━━━━━ Dataset ━━━━━
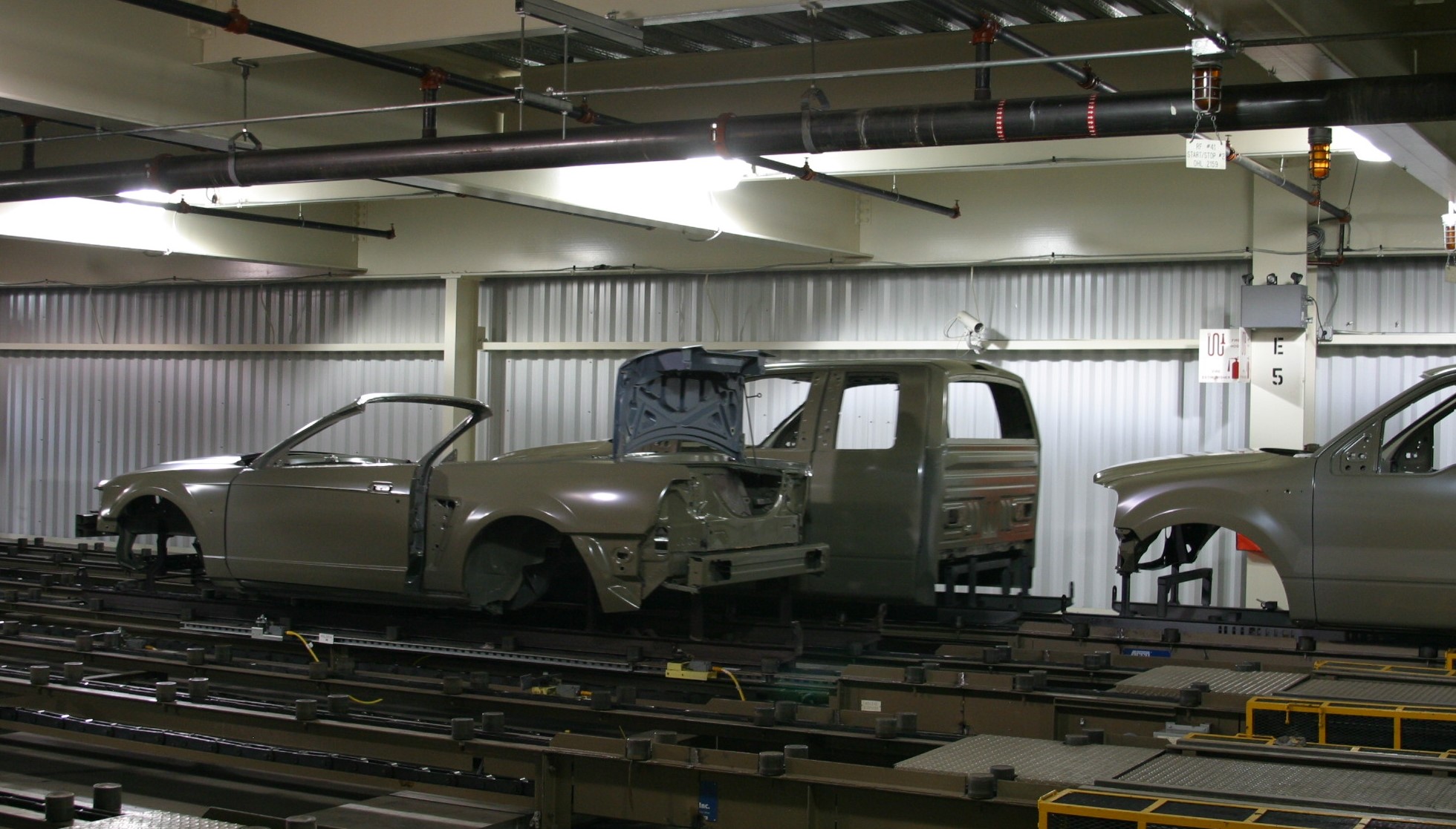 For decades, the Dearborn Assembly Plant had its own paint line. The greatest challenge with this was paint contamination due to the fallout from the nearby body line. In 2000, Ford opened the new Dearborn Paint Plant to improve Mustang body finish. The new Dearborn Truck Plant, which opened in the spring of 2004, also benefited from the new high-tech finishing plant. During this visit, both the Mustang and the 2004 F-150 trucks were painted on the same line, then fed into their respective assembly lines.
━━━━━
━━━━━ Dataset ━━━━━
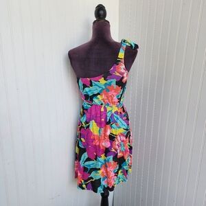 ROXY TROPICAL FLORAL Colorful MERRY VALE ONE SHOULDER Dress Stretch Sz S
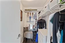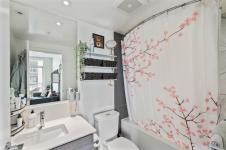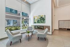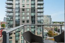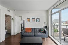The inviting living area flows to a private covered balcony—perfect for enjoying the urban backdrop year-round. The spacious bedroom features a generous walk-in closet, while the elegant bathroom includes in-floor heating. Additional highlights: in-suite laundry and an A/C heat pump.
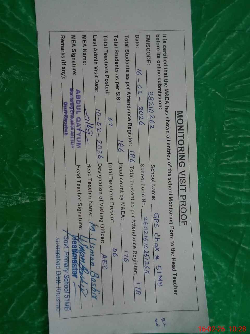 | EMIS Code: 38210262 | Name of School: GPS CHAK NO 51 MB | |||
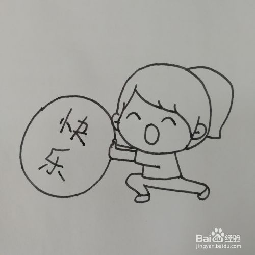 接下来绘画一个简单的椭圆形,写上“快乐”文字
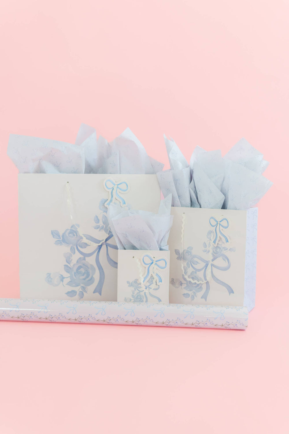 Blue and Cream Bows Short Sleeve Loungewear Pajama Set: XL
━━━━━
**What the exercise asks:** Nothing but the lines above from the line with "ROXY TROPICAL FLORAL" up to and including the line with "Blue and Cream" should be returned, exactly as written and without pictures.

**Task answer:**
 ROXY TROPICAL FLORAL Colorful MERRY VALE ONE SHOULDER Dress Stretch Sz S
The inviting living area flows to a private covered balcony—perfect for enjoying the urban backdrop year-round. The spacious bedroom features a generous walk-in closet, while the elegant bathroom includes in-floor heating. Additional highlights: in-suite laundry and an A/C heat pump.
 | EMIS Code: 38210262 | Name of School: GPS CHAK NO 51 MB | |||
 接下来绘画一个简单的椭圆形,写上“快乐”文字
 Blue and Cream Bows Short Sleeve Loungewear Pajama Set: XL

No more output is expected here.